Prediction based on the secondary traits only (M-BLUP; only available in scenario 2) is generally one of the least successful. The multi-kernel methods (Multi-BLUP and GM-BLUP) are somewhere in between, GM-BLUP often having an accuracy similar to that of RF-BLUP. GM-BLUP appears to be slightly better than Multi-BLUP, but in most cases the difference is smaller than the standard errors of the accuracy estimates.

3.2. Arabidopsis and Maize Data

Tables 1, 2 contain the accuracies for datasets 1–4 described above, averaged over randomly sampled test sets (see section 2).

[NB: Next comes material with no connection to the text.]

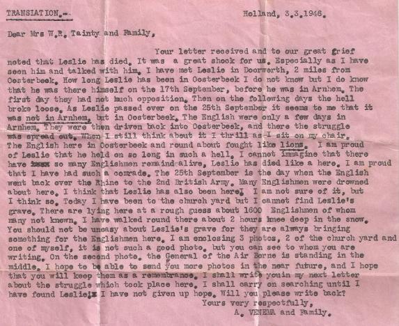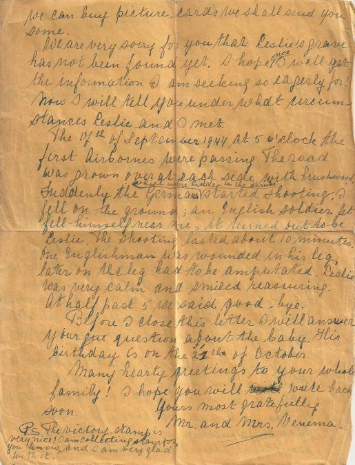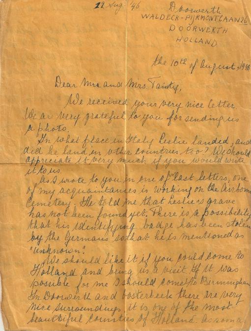 Letters to Leslie's family from Mr A. Venem, who met him in Doorworth on Sunday 17th September. Copyright: Keryl Holt.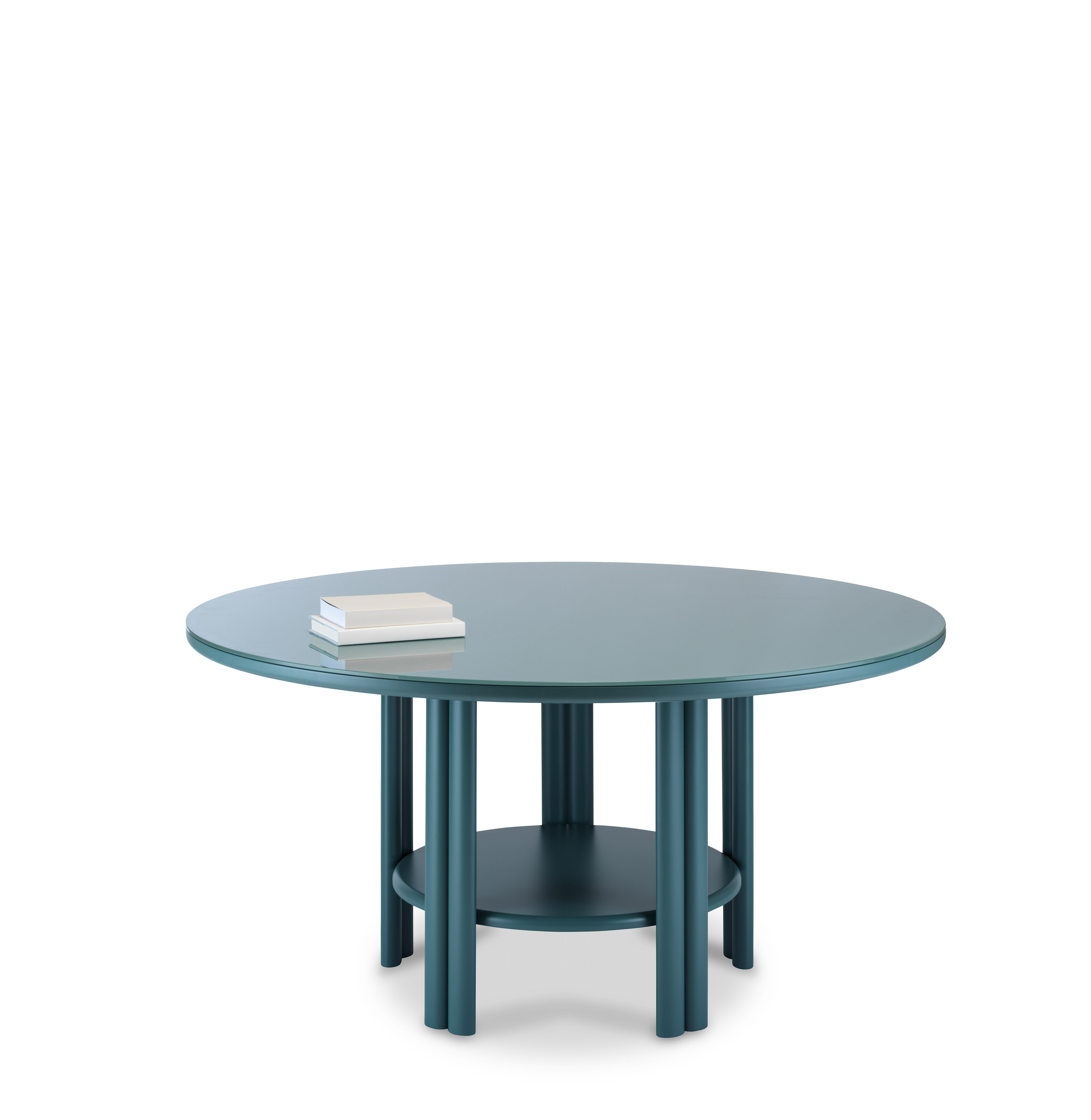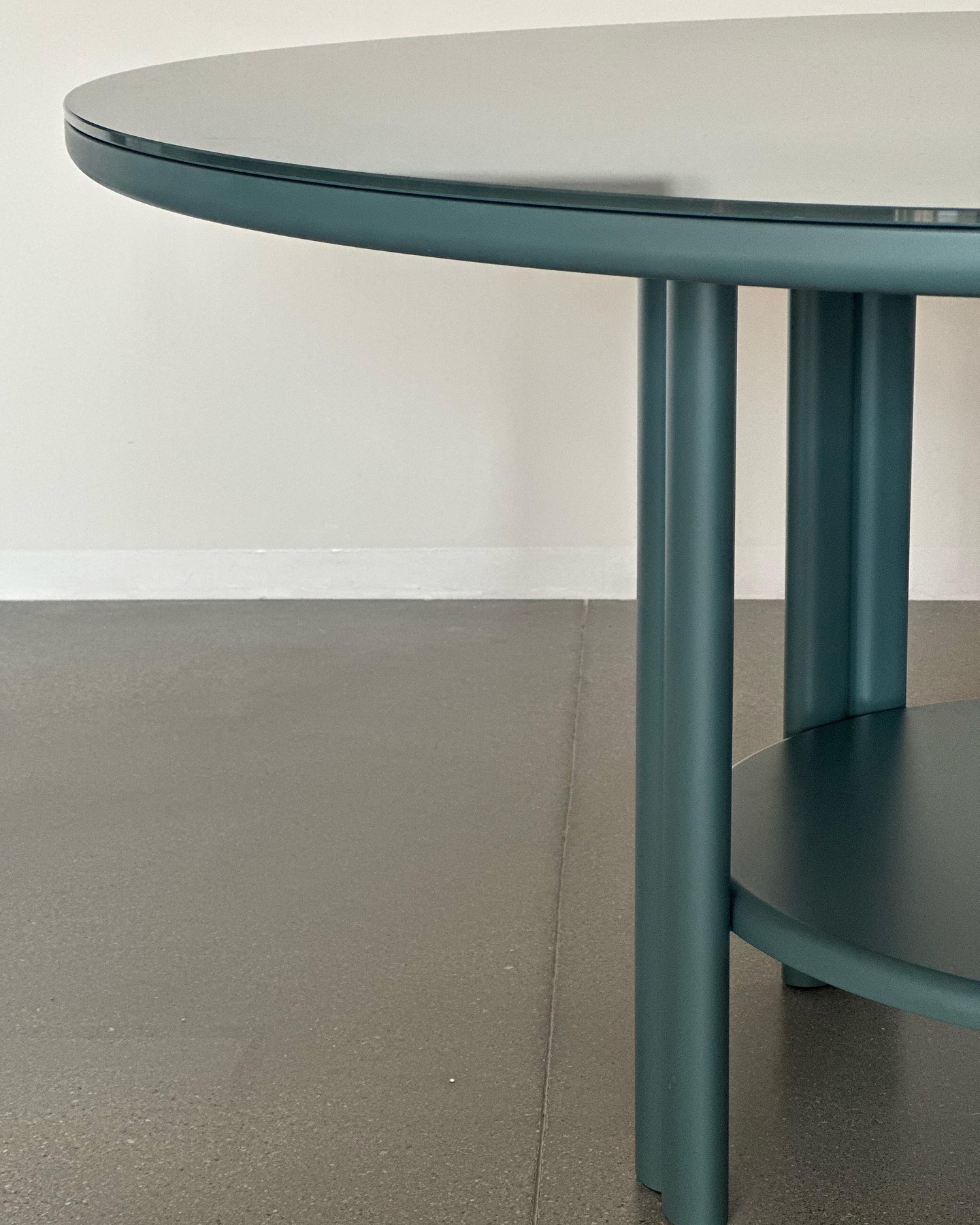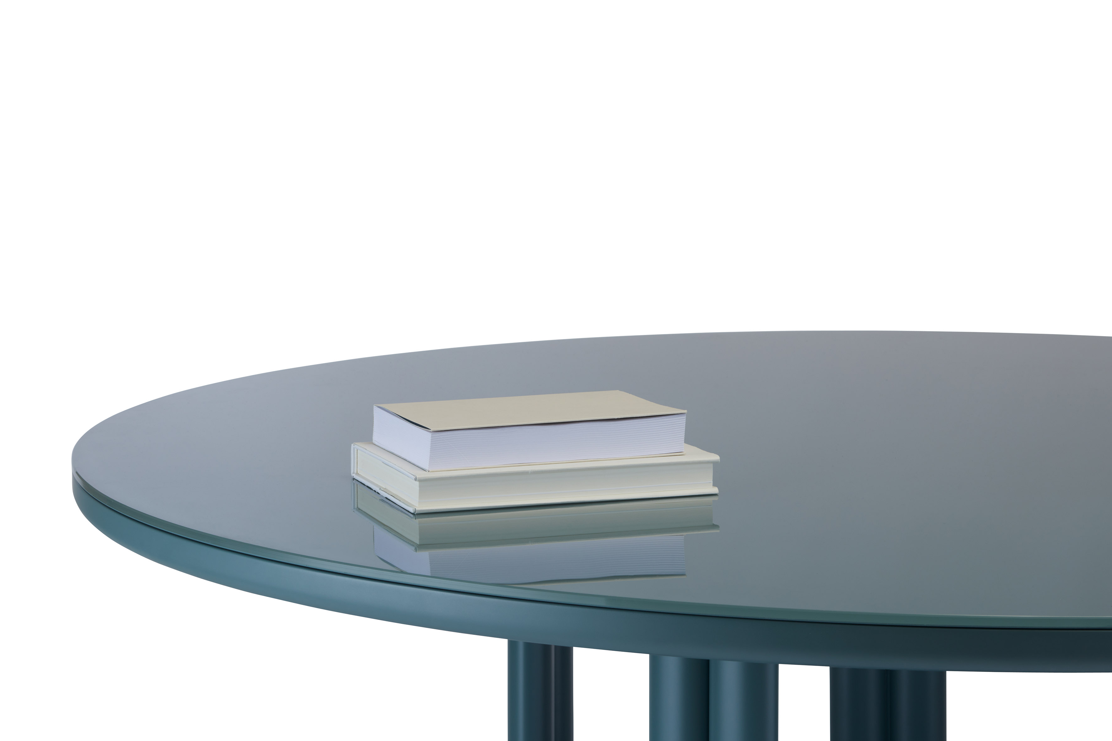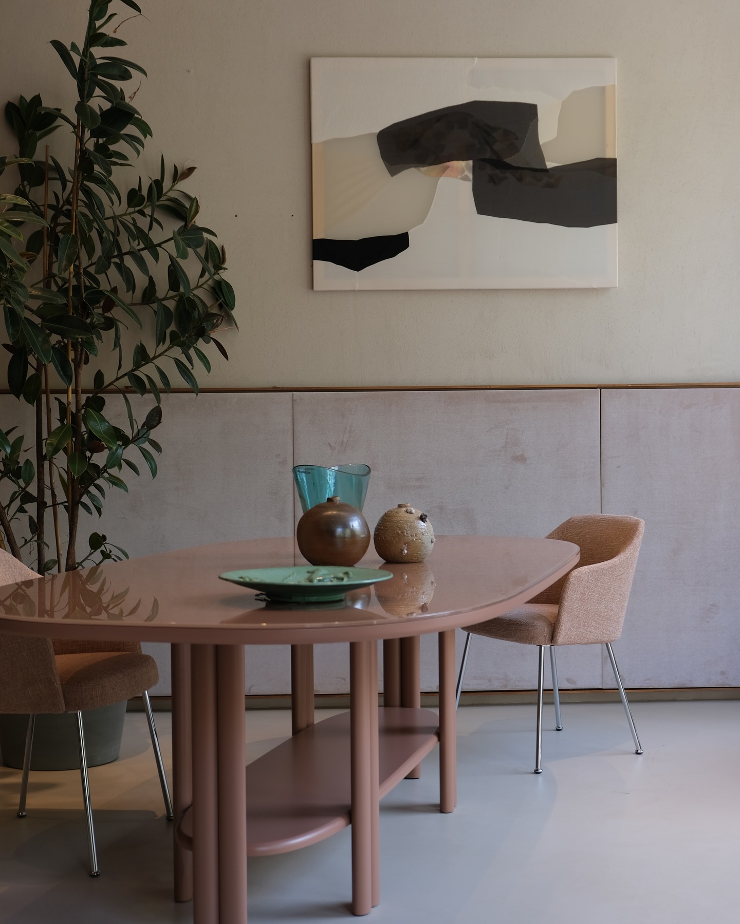 Το τραπέζι Anam διατίθεται κατόπιν παραγγελίας με βάση σε λακαριστό ατσάλι και επιφάνεια σε λακαριστό γυαλί ή λακαριστό ξύλο, σε ματ φινίρισμα Velvet Rose, Eucalyptus ή Sand.

Because the original individual plant (or plot) data were not available, we could not compute the SI-BLUP here.

TABLE 1

Table 1. Prediction accuracy in scenario 1, for various target and secondary traits in Maize and Arabidopsis.

TABLE 2

Table 2. Prediction accuracy in scenario 2, for various target and secondary traits in Maize and Arabidopsis.

In scenario 1 (Table 1), none of the multi-trait methods performed consistently better than univariate GBLUP. For the second trait in data-set 1 (Salt5), RF-BLUP had accuracy 0.09, vs. 0.03 for univariate GBLUP; the latter had highest accuracy for the first and third trait in dataset 1 (fungus, and drought and fungus stress combined).

The remainder of this section we focus on scenario 2 (Table 2), in which there were more substantial differences among methods. For all datasets, methods based on multiple relatedness matrices (Multi-BLUP and GM-BLUP) had accuracies similar to single-trait GBLUP. As in the simulations, GM-BLUP gave only a minor (if any) improvement over Multi-BLUP. The approaches based on dimension reduction of the secondary traits (LS-BLUP and RF-BLUP) appeared to give a substantial improvement over univariate GBLUP, e.g., from r = 0.03 to r = 0.23 (LS-BLUP) for the Salt5 trait in data-set 1, or from r = 0.55 to r = 0.65 (RF-BLUP) for Maize yield in data-set 3, with transcriptomics as secondary traits.

LS-BLUP had the highest accuracy in all Arabidopsis datasets, with a small but consistent improvement over RF-BLUP (0.02–0.03 higher), also when optimized with the caret/scikit-learn packages. This hyperparameter optimization appeared to be rather important for the Maize data; using the default settings from the randomForest package (as in the simulations), accuracy was considerably lower (for yield and the transcripts for example, r = 0.65 vs. r = 0.51).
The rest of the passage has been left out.